GOAL OF THE EXERCISE: Exclude all pictures from your copy of the data below, which should otherwise match exactly.

DATA PROVIDED:
★ ★ ★ ★ ★

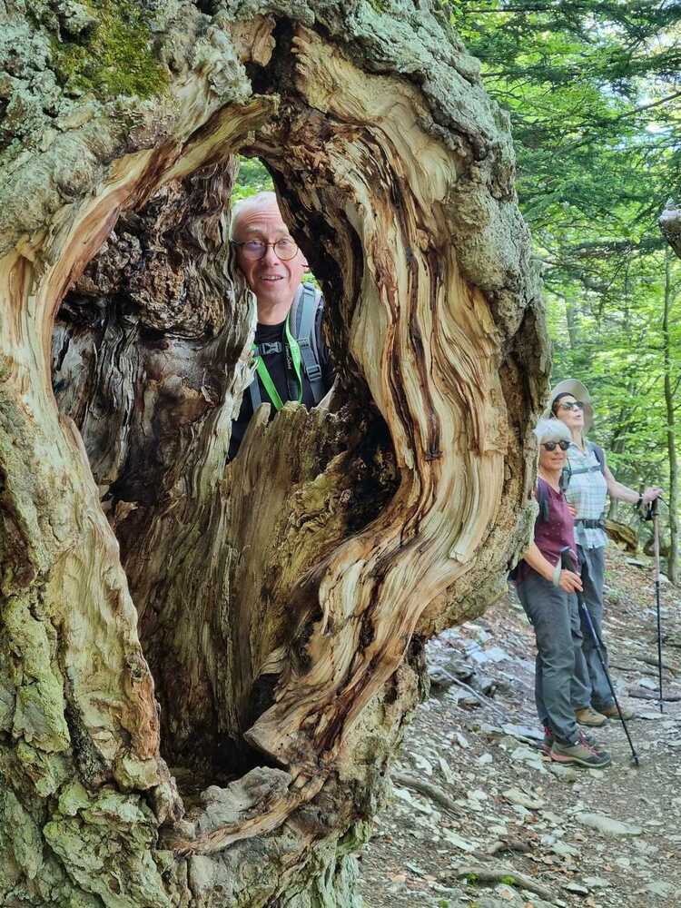 C’est un sentier de découvertes JH Fabre : une pelouse verte, quelques cailloux blancs, c’est un plaisir de fouler cette herbe et nous entrons dans la forêt avec de magnifiques arbres qui nous accueillent et nous abriteront du soleil durant toute la matinée. Tout le long de ce majestueux sentier un peu caillouteux mais sans trop de dénivelés, nous avons pu enrichir notre vocabulaire et notre savoir en lisant les différents panneaux explicatifs concernant la faune et la flore (photos en annexes).
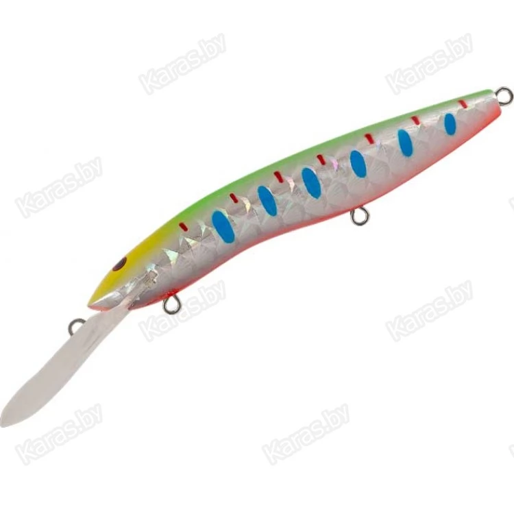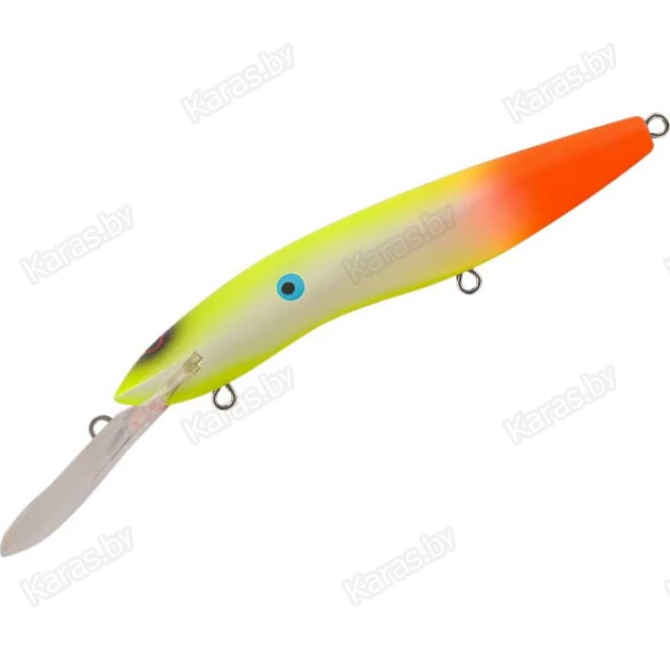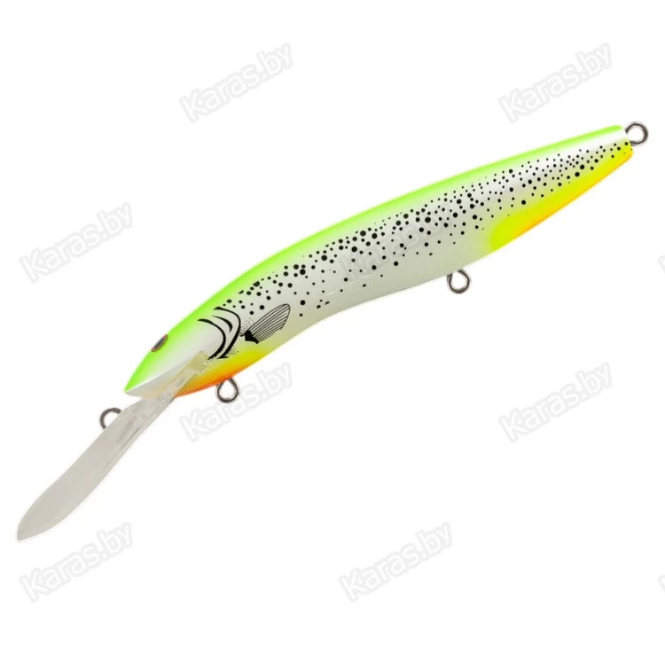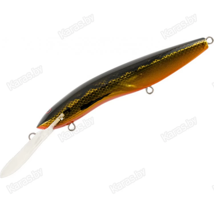 Крупный минноу для ловли троллингом на неоднородном рельефе и свалах с глубинами 3-10 метров. Основные трофеи – судак, щука, сом.
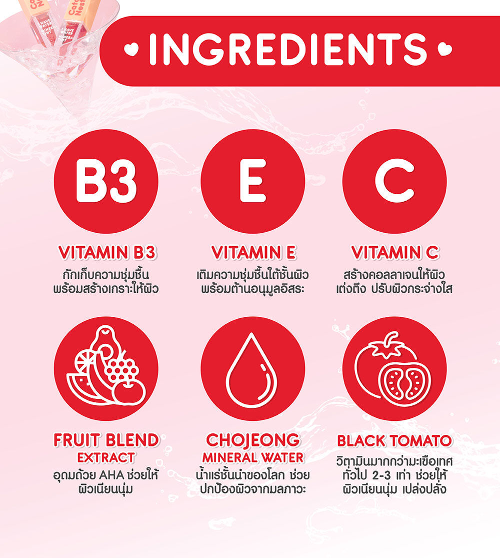 • สารสกัดจาก Chojeong Mineral Water และ Black Tomato ช่วยให้ปากอวบอิ่ม
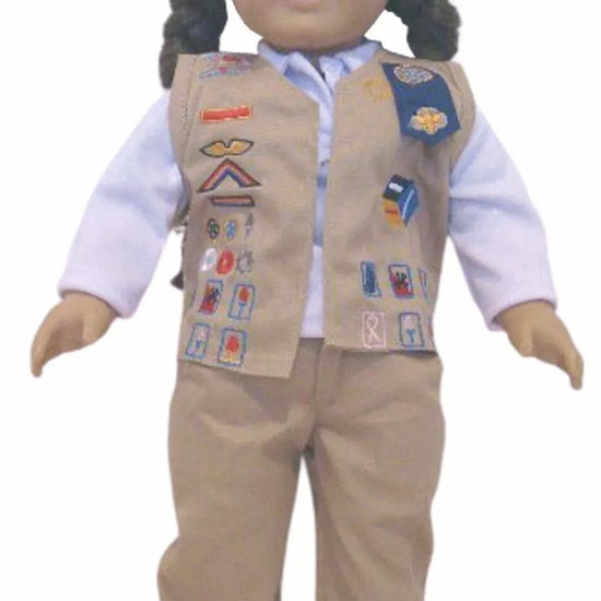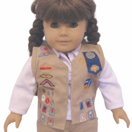 Get your doll ready for fun with this playful Girl Scout Cadet Set! It features a khaki twill vest, matching pants, a crisp white shirt, and khaki socks—perfect for all her adventurous outings and imaginative play.

★ ★ ★ ★ ★

EXERCISE RESULT:
 C’est un sentier de découvertes JH Fabre : une pelouse verte, quelques cailloux blancs, c’est un plaisir de fouler cette herbe et nous entrons dans la forêt avec de magnifiques arbres qui nous accueillent et nous abriteront du soleil durant toute la matinée. Tout le long de ce majestueux sentier un peu caillouteux mais sans trop de dénivelés, nous avons pu enrichir notre vocabulaire et notre savoir en lisant les différents panneaux explicatifs concernant la faune et la flore (photos en annexes).
 Крупный минноу для ловли троллингом на неоднородном рельефе и свалах с глубинами 3-10 метров. Основные трофеи – судак, щука, сом.
 • สารสกัดจาก Chojeong Mineral Water และ Black Tomato ช่วยให้ปากอวบอิ่ม
 Get your doll ready for fun with this playful Girl Scout Cadet Set! It features a khaki twill vest, matching pants, a crisp white shirt, and khaki socks—perfect for all her adventurous outings and imaginative play.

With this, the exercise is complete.